The Grifters Blu-ray, Audio Quality
There are two audio track on this Blu-ray disc: English DTS-HD Master Audio 5.1 track and English LPCM 2.0 track. I opted for the English LPCM 2.0 track and later on did a few random comparisons with the English DTS-HD Master Audio 5.1 track for the purpose of this review.
I purposely decided to watch the film with the with the English LPCM 2.0 track. I am very well familiar with it, so as soon as I received my disc, I tested a few scenes with it and found that I liked a lot more what I heard with the English LPCM 2.0 track than with what I heard with the English DTS-HD Master Audio 5.1 track.
The dialog is actually slightly easier to follow on the English LPCM 2.0 track. On the English DTS-HD Master Audio 5.1 track there are certain scenes where the dialog isn't as clear as it should be. There isn't much activity in the surround channels on the English DTS-HD Master Audio 5.1 track, but the little that you would hear I believe it interferes with the dialog (the final scene is great example). This being said, there are no pops, cracks, or hissings that I detected. Elmer Bernstein's score sounds lovely. For the record, once again Optimum Home Entertainment have not provided optional English subtitles for the main feature.
The Grifters Blu-ray, Special Features and Extras
Most unfortunately, there are no supplemental features to be found on this Blu-ray disc.
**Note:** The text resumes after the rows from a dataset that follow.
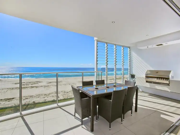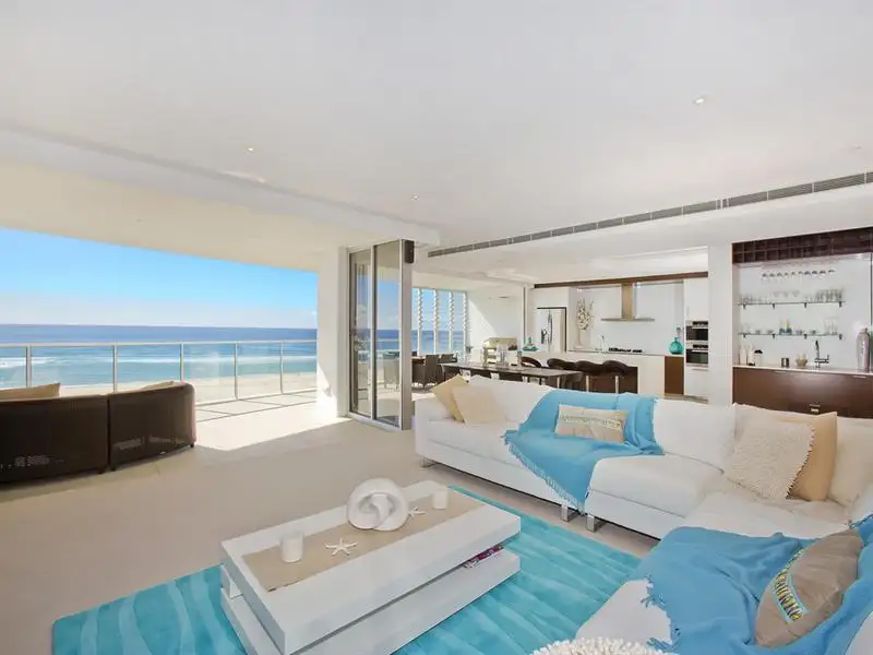 Sweeping coastline views from Snapper Rocks to South Stradbroke Island paint a stunning backdrop to this ninth floor 380 m2 apartment in Kirra's premier beachfront tower, Elysee Residences.
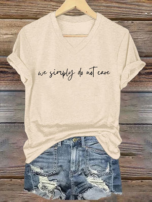 V-Neck Retro Funny We Simply Do Not Care Menopause Perimenopause Print T-Shirt
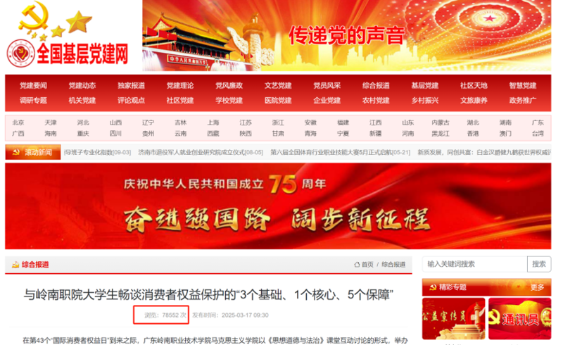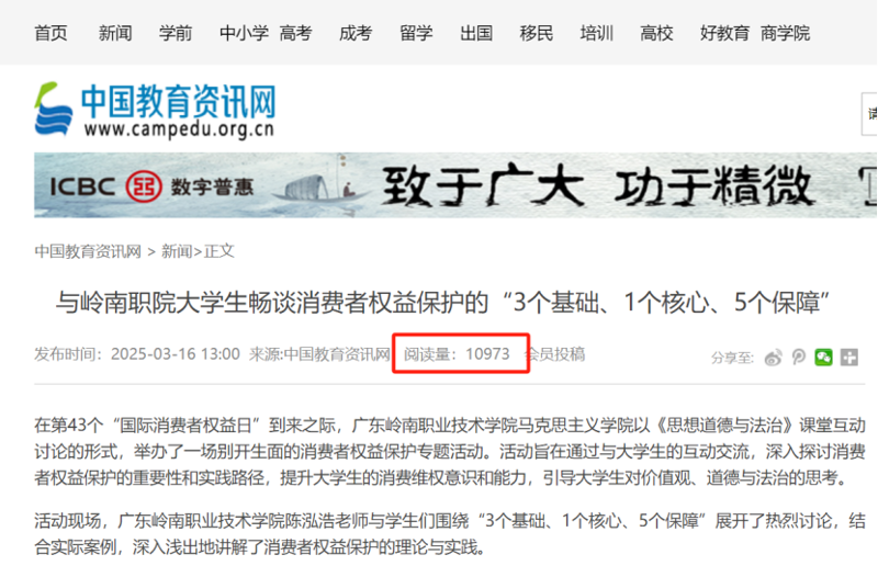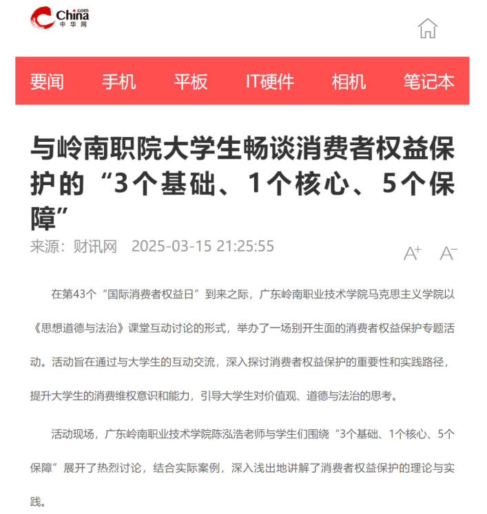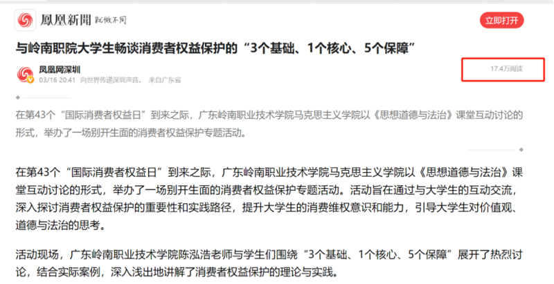 陈泓浩老师将此次教学活动成果撰写成新闻稿《与岭南职院大学生畅谈消费者权益保护的“3个基础、1个核心、5个保障”》,并发布于多个知名平台。包括:“全国基层党建网”、“中国教育资讯网”、“凤凰新闻”、“搜狐”客户端以及“中华网”,累计阅读量已突破26万。此次教学改革成果的广泛传播,是我校马克思主义学院在教育教学领域的创新实践,也是高校思想政治教育的有益尝试。学校将继续深化教学改革,积极探索创新教学模式,不断提升教育教学质量,为培养德智体美劳全面发展的社会主义建设者和接班人贡献力量。

The Grifters Blu-ray, Overall Score and Recommendation
I am going to recommend this Blu-ray release of Stephen Frears' The Grifters assuming that a similar one won't appear in North America any time soon. Yes, its transfer reveals a few minor issues, but the film most certainly looks the best it ever has. That said, these budget Blu-ray discs Optimum Home Entertainment are offering would likely be the only way for us to see quite a few older films in High Definition. I don't mind that as long as the great price tags they arrive with remain unchanged. Recommended.